I have a SQLite database with the following migration defined:

    Schema::create("views", function(Blueprint $table){

        $table->integer("match_id");
        $table->string("pov");
        $table->string("teams");     
        $table->text("moves");

        $table->bigIncrements("id");    
        $table->date("created_at");
        $table->date("updated_at"); 
    });

Note: id is the primary key of the table, match_id should just be treated as any other column.

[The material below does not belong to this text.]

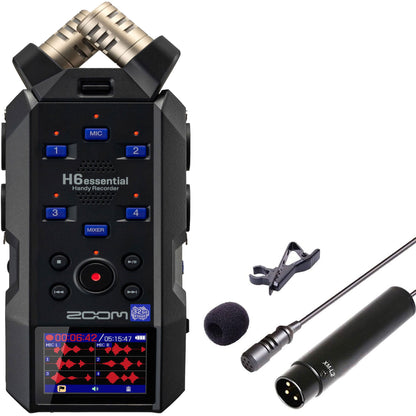 ZOOM H6ESSENTIAL 6-TRACK 32-BIT FLOAT PORTABLE AUDIO RECORDER + 2X VIDRO PROFESSIONAL WIRED XLR LAVALIER MICROPHONE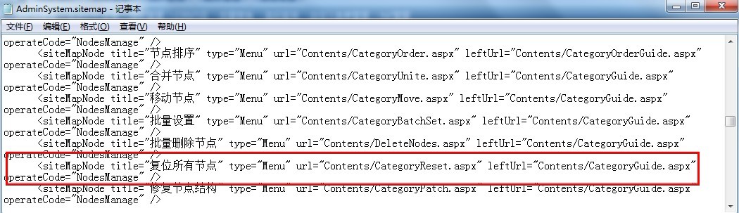 用记事本代开AdminSystem.sitemap文件,查看内容代码,我们可以发现这样一段。

This all works just fine, but I want match_id to be nullable. I tried changing the $table -> integer("match_id") to the following:

$table->integer("match_id")->nullable()->change();
//Also tried $table->integer("match_id")->nullable(true)->change();

I also ran 'composer require doctrine/dbal', which I saw online

When I try running php artisan migrate, it says there is nothing to migrate. And when I run php artisan migrate:fresh, for some reason the match_id column just doesn't get added to the database at all, even though every other column works just fine. Any reason this might be?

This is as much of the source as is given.